Les Steel had built Rani for Dr Rowley Pittar back in 1936. Originally, the yacht was called Doris and was later bought by RN engineer John Illingworth. It then came back to the yard under another owner in 1951 for an extensive refit.
Steel's boatshed was fairly primitive, mostly with an earth floor but with a timber section for his machinery and work benches.
Boat-builder Steel (1888-1974) was also praised for his ingenuity. Being two blocks from the Speers Point waterfront, he ferried his smaller vessels down with a cradle trolly on wheels, guided on a set of rails end-to-end.
And the Rani which emerged triumphant after 1945's gruelling 628-nautical mile dash? It broke its moorings and washed ashore, as a total wreck, on Mungo Brush Beach in January 1959. No trace remains. Luckily, no lives were lost.
Outlasting the Rani by 49 years was its last surviving crew member Ray Richmond who died aged 88 years in January 2008.
But since June there's been another reminder of Rani's triumph at the Cruising Yacht Club of Australia, in Sydney. Here, there's now a painting of the Rani sailing across Storm Bay on the way to winning the first Sydney-Hobart yacht race.
It was donated by Commander Ronald Osborn RAN (retired) in memory of being a growing boy around his Uncle Les' shed in Speers Point. The painting's now on permanent display at the entrance to the clubhouse's Rani Room.
The Magic Valley satisfies
AFTER 35 years researching, Dr Cameron Archer AM (pictured) has published a fascinating book on the history of the Paterson Valley.
Titled, The Magic Valley -Then and Now, the book is really an ode to the evolution of the Paterson Valley dealing with drought, fire and flood and the early destruction of the natural environment by Europeans.

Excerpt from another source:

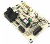
DEFROST BOARD ICM321C .....$36.95 30/50/9024V BRYANT CES0110063+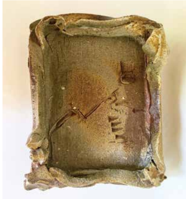
Earth cradle Wood ash & flame marked Stoneware Wood fired, 43 w x 31 d x 13 h

As such, the region, stretching from Hinton, near Morpeth up to the wilderness of Cary's Peak, is perhaps an intriguing microcosm of the whole Hunter Valley.
For Archer has witnessed many changes since he first came to the valley 45 years ago when a daily procession of logging trucks rumbled by, hauling a harvest of turpentine poles up to 100-feet (30m) long.

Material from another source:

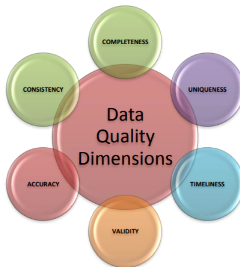
Figure 1. Data Quality Dimensions adapted from (DAMA, 2013)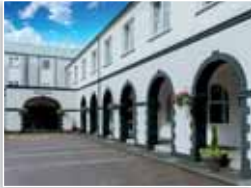
Ben Nevis Hotel & Leisure Club Fort William

That all stopped when much of the upper Paterson forests became national park in NSW premier Neville Wran's day. Viewing recent satellite images of the valley shows a six per cent increase in tree coverage.
Not so visible, however, are the rise and fall of a range of industries from dairies, to piggeries, to wine, wool, beef and tobacco production. For it seems the Paterson Valley supplied over half of the tobacco and wine needs of the colony of NSW in the 1830s.
But around the time of Federation, in 1900, the Paterson Valley ceased being a major wine player.
Vineyards halted production and grape growers moved to the drier climate of Pokolbin with its fewer diseases and richer terra rossa soils.
Throughout the 19th century almost every dairy also had its own piggery. Buyers herded mobs of pigs, in their hundreds, down to Paterson village. Up to the 1920s, they went away by boat to market until motor lorries took over. The chicken industry then emerged in the 1960s with Paterson being referred to as "Chickensville".
Archer also reports the mean annual maximum temperature at Tocal has risen by 1.53 degrees C over 45 years with data predictions suggesting future winter rainfalls will most probably decrease with extreme climate events more likely.
The book's title refers to the popular Australian children's tale by Norman Lindsay telling of a pudding, although being eaten, always replenishing itself.
Archer's book is partly based on his earlier PhD on the environmental history of the Paterson Valley, plus interviews with many long-time residents dating back to the 1980s.
Now retired, Archer once spent 28 years as principal at Tocal College where he oversaw innovations in agriculture, education and heritage conservation.
His Magic Valley (RRP $35) is a marvellous, highly readable, potted history of the Paterson Valley providing numerous, often unexpected, insights over its 412 pages.
It is deservedly already a local bestseller and I hope to write more about it again soon.